3. Cut the tough bases and tender tips from the asparagus and reserve the tips (discard the bases). Peel the asparagus and cut crosswise into 1-inch sections.

4. Trim the roots and most of the green stems of the bulbing onions and halve them lengthwise.

5. Melt 2 tablespoons butter in a large skillet over medium heat and add the shallots. Cook until the shallots soften, about 3 minutes. Add the artichokes, the white wine and water, cover tightly and cook until the artichokes are just tender enough to pierce with a paring knife, 5 to 15 minutes (the time will vary depending on the freshness and type of the artichoke).
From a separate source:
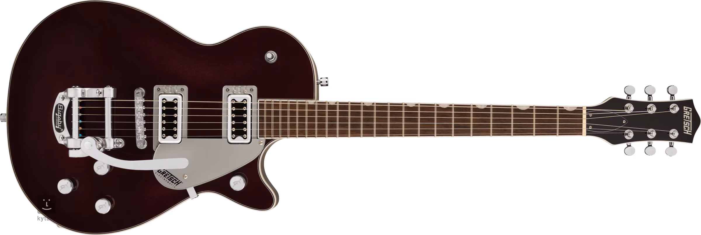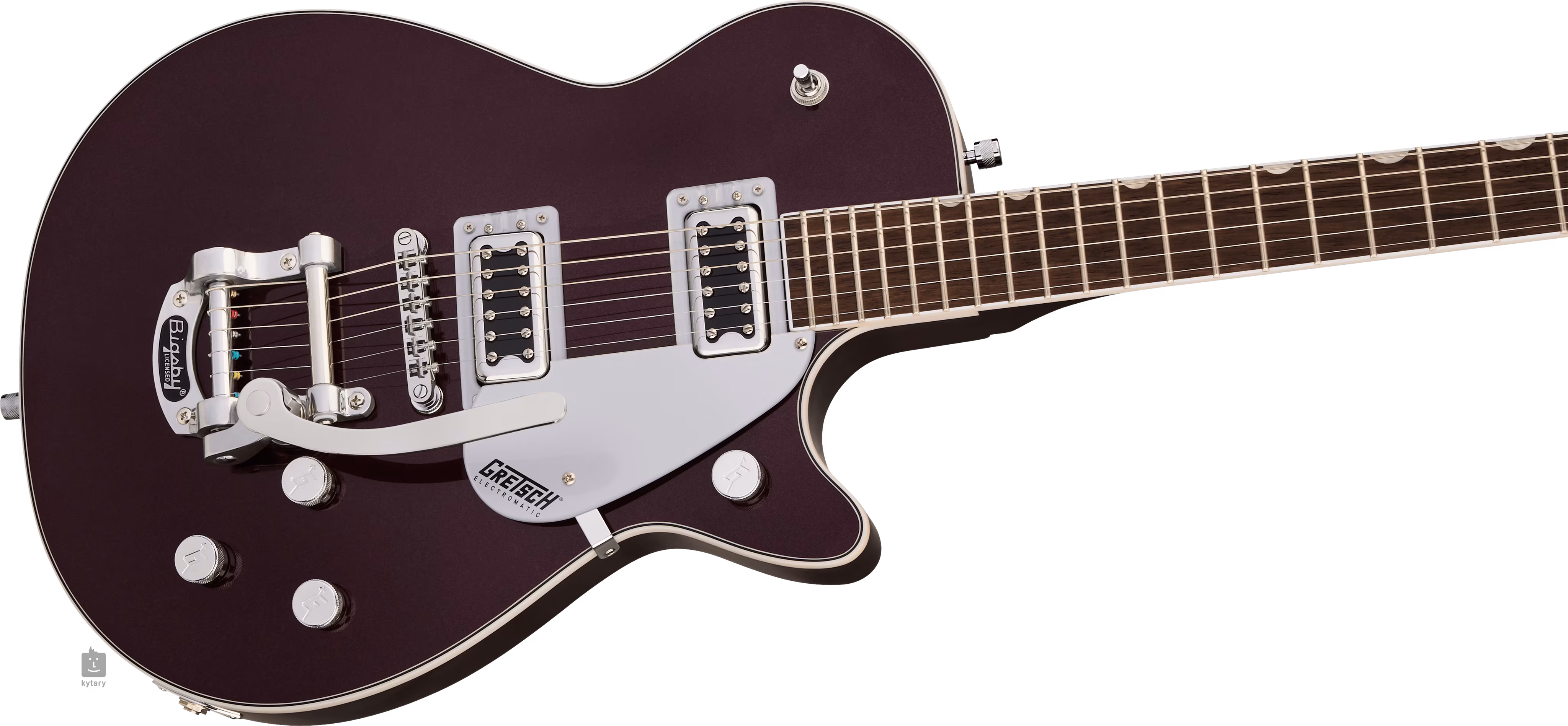 Elektrické kytary Gretsch Duo Jet v single-cut designu utváří od roku 1953 až do dnešních dní zvukový profil řady slavných kytaristů a hudebních těles. Model G5230T Electromatic Jet FT Single-Cut with Bigsby LRL Dark Cherry Metallic ze základní řady Electromatic nabízí design, zvuk a feel kytar Gretsch Jet za cenu dostupnou širokému okruhu zájemců.

6. Add the chopped asparagus stalks, replace the cover and cook until they are tender, about 3 minutes. Stir in the bulbing onions, the asparagus tips and the tarragon and cook until the tips are bright green and tender, about 3 minutes. Season to taste with salt and reduce the heat to low to keep warm.

7. Bring a wide pot of water to a rolling boil and salt generously. Reduce the heat to a slow boil and add the gnocchi to the pot (reducing the heat helps keep the gnocchi from breaking up). Stir gently to lift them from the bottom of the pot and cook until they float to the surface, 1 to 2 minutes, then cook them an additional 20 to 30 seconds and retrieve them with a strainer, transferring them directly to the vegetable stew.
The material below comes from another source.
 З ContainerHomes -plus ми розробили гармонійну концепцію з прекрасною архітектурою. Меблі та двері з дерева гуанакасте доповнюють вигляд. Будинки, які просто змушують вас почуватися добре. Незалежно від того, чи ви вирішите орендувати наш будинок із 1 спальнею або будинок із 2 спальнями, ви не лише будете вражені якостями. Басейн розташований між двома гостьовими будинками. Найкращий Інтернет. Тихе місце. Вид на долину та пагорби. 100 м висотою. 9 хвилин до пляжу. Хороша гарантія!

8. Increase the heat under the stew to high and add the remaining 2 tablespoons of butter. Stir gently to coat the gnocchi with the glaze and divide among 6 heated pasta bowls. Sprinkle grated Parmigiano over the top and pass more at the table. Serve immediately.

Evan's Cianfotta

1/2 - 1 cup olive oil (depending on how luscious you want the result and how many of the ingredients you choose to use)
1 white of leek, sliced and washed, tops reserved for soup
2 garlic cloves or 4-6 fresh garlic cloves or 1 stalk green garlic, peeled and sliced
1/2 bunch pencil thin asparagus, tough stems cut off and discarded, stalks cut into 1 ½ inch pices
1/4 lb sugar snap peas, stem end and string removed, each pod sliced vertically so the peas inside are exposed
1/2 lb english peas, shelled
1/4 lb young fava beans shelled (twice if you want)
1 small head romaine lettuce, cut into a chiffonade
1/4 lb baby artichokes, cleaned and cut into 1/4s vertically.
Spearmint leaves to taste, at least 15
Salt and pepper to taste

In a medium to large skillet cook the leek slices in oil over medium high heat.  When the leeks have started to soften add the garlic and cook until you smell the characteristic aroma.  Turn the heat up to high and add the asparagus, sugar snaps and mint.  Move everything around so there is maximum contact of veggies with heat.  Add salt and pepper to taste.  Cook to your liking.  I like this dish when the aspaagus and sugar snaps no longer have that raw edge but are still “al dente”.  Take the veggies off the heat and put them in a bowl or on a plate before they are actually completely done.  They will continue to cook off the heat.

Eat hot, room temp, or cold as is or add to pasta or risotto.